What makes this round even more interesting is that many of the teams are relatively on the same level (perhaps with the exception of FIBA Asia champion Iran). Heck, even defending Asian Games champion China didn’t send its deepest possible team. Even the Koreans aren’t clear-cut favorites to win gold in spite of the fact they’re playing on home soil. Not having their ideal naturalized players has also gutted teams like Jordan, Taiwan, and the Philippines. In general, we should see a lot more unpredictability starting in this round.

Can PBA MVP June Mar Fajardo compensate for the absence
of NBA player Andray Blatche?
(image from FIBA)

Here are the final Preliminary Round Groupings:

Group C: China, Taiwan, and Kazakhstan.

Group D: South Korea, Jordan, and Mongolia.

Group E: Iran, Philippines, and India.

Group F: Japan, Qatar, and Kuwait.

The top two teams in each group will advance to the quarterfinals, while the last-placed teams will be eliminated. The advancing teams will be divided into two quarterfinals groups – Group G & Group H.

In the quarterfinals, Groups G & H will have another single-round-robin series of games. The top two in each group will advance to the crossover knockout semifinals, while the bottom two in each group will vie in the consolation rounds. Predictably, winners in the semifinals will proceed to battle for the gold medal in the championship game, while losers will fight for the bronze medal.

Now let’s take a quick look at the Preliminary Round Groups.

Group C:
China roster here.
Taiwan roster here.
Kazakhstan roster here.

Outlook: I’m actually picking Taiwan to be the favorite in this group, if only because they have a solid roster packed with veterans. With the exception of Ke Chi-Hao, Liu Cheng, and Wu Tai-Hao, the Taiwanese team here is the same team that played in Manila last year and upset a stronger Chinese team in the quarterfinals. The Taiwanese also recently finished a strong second in the 2014 FIBA Asia Cup held in Wuhan, China with their “Team B,” so this team, at least on paper, certainly has the makings of a title contender. The only weakness of Taiwan is not having Quincy Davis, who has anchored the middle solidly in the past year. In his place is the returning Wu, who is just about the same size as Davis, but he definitely doesn’t have the same skill-set or natural physical gifts.

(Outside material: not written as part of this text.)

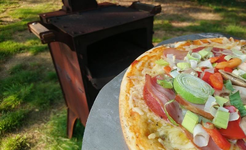 De Fikki Outdoor Oven is al warm opgestookt met hout, zodra het vuur in de oven niet meer al te hard brandt, is het tijd om de pizza erin te schuiven. De bodem plakt niet aan de pizzaschep, dit kun je voorkomen door wat bloem op de pizzaschep te strooien, zodat hij er lekker af glijdt. Na twee minuten de pizza er weer even uitgehaald om te controleren of alles goed gaat. De pizzabodem bakt mooi bruin, het deeg rijst zelfs nog iets onder het bakken waardoor de bodem luchtig wordt. Daarna de pizza weer terug geschoven, nog ongeveer 3 minuten laten bakken in de oven. Met de luchtschuiven kan de temperatuur in oven geregeld worden. Dus geen aangebrande pizza, de pizza is goed gebakken.

This could be a big problem, especially when Taiwan goes up against China’s young but very tall frontline. Remember the names Wang Zhelin and Zhou Qi, who are being touted as the heirs to the duo of Yi Jianlian and Wang Zhizhi. If the Taiwanese can wax hot from long range, however, then it’s probably lights out for both China and Kazakhstan no matter what they do. What’s going for China, aside from its size, is youth. Rising stars Guo Ailun and Zhou Peng, both veterans of the 2013 FIBA Asia, are sure to be the leaders of this team. Guo is a whirlwind who can score in bunches, while Zhou, on a good day, can score from practically anywhere on the court.

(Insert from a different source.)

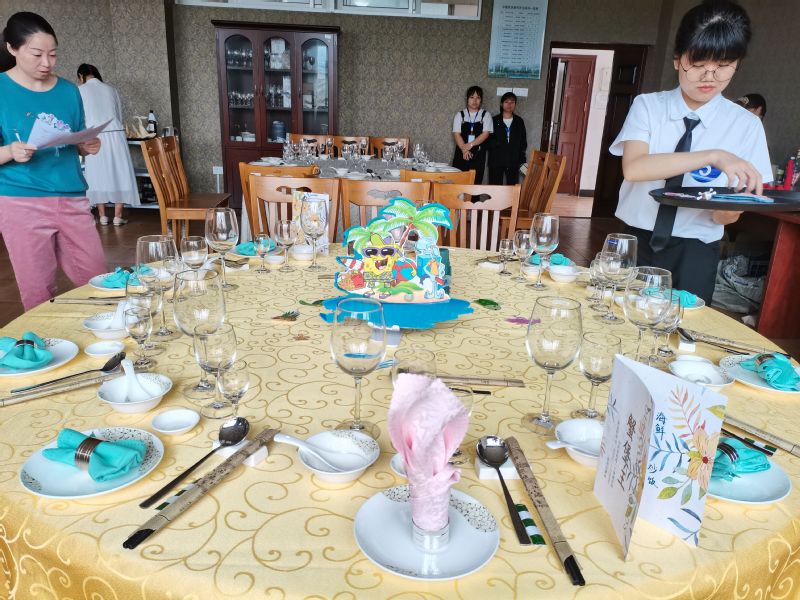 本次比赛邀请马小玲、吴小霞老师担任现场评委,比赛内容包括主题宴会摆台设计、主题讲解等方面。参赛选手激烈比拼,从细节细微之处入手,为在场评委观众带来了一场视觉盛宴。

Young big man Wang Zhelin could prove to be a match-up
nightmare against any of China's foes.
(image from FIBA Asia)

Kazakhstan is undeniably the dark horse here. Though coach Vitaly Strebkov’s wards are capable of springing an upset or two, their backs will be against the wall against either China or Taiwan. Without naturalized PG Jerry Johnson, the onus will be on Timur Sultanov and Rustam Murzagaliev to call the shots for the Kazakhs, and that will be a tough thing to do against the deeper backcourts of the two other squads. If guys like Anatoliy Kolesnikov, Dimo Klimov, and Anton Ponomarev can catch fire, though, then anything can happen.

Projection: Taiwan and China advance, with Taiwan topping the group.

Group D:
South Korea roster here.
Jordan roster here.
Mongolia roster here.

Outlook: With Mongolia’s inexperience and Jordan’s not having the services of Gabe Freeman, South Korea surely has the clear path to dominating this group and moving on to the quarterfinals unscathed. Simply put, even without projected naturalized prospect Aaron Haynes, the home team is just too good for either Jordan or Mongolia to beat. Yes, even if star guard Kim Min-Goo and star big man Lee Seung-Jun aren’t around, the Koreans should be the undisputed top team in Group D. The returning Moon Tae-Jong easily slides into the spot that should have been for Haynes, while Park Chan-Hee and the comebacking Oh Se-Keun should make it less difficult to dwell in the absences of Kim and Lee. This is definitely a more seasoned team compared to the one coach Yoo Jae-Hak took to Manila last year, and that means potentially fewer miscues from this bunch. Gone are greenhorns Moon Seong-Gon and Choi Jun-Yong, who have been replaced by NT veterans Yang Hee-Jong and Heo Il-Young. From top to bottom, this squad is just stacked and ready to try and snare the gold medal.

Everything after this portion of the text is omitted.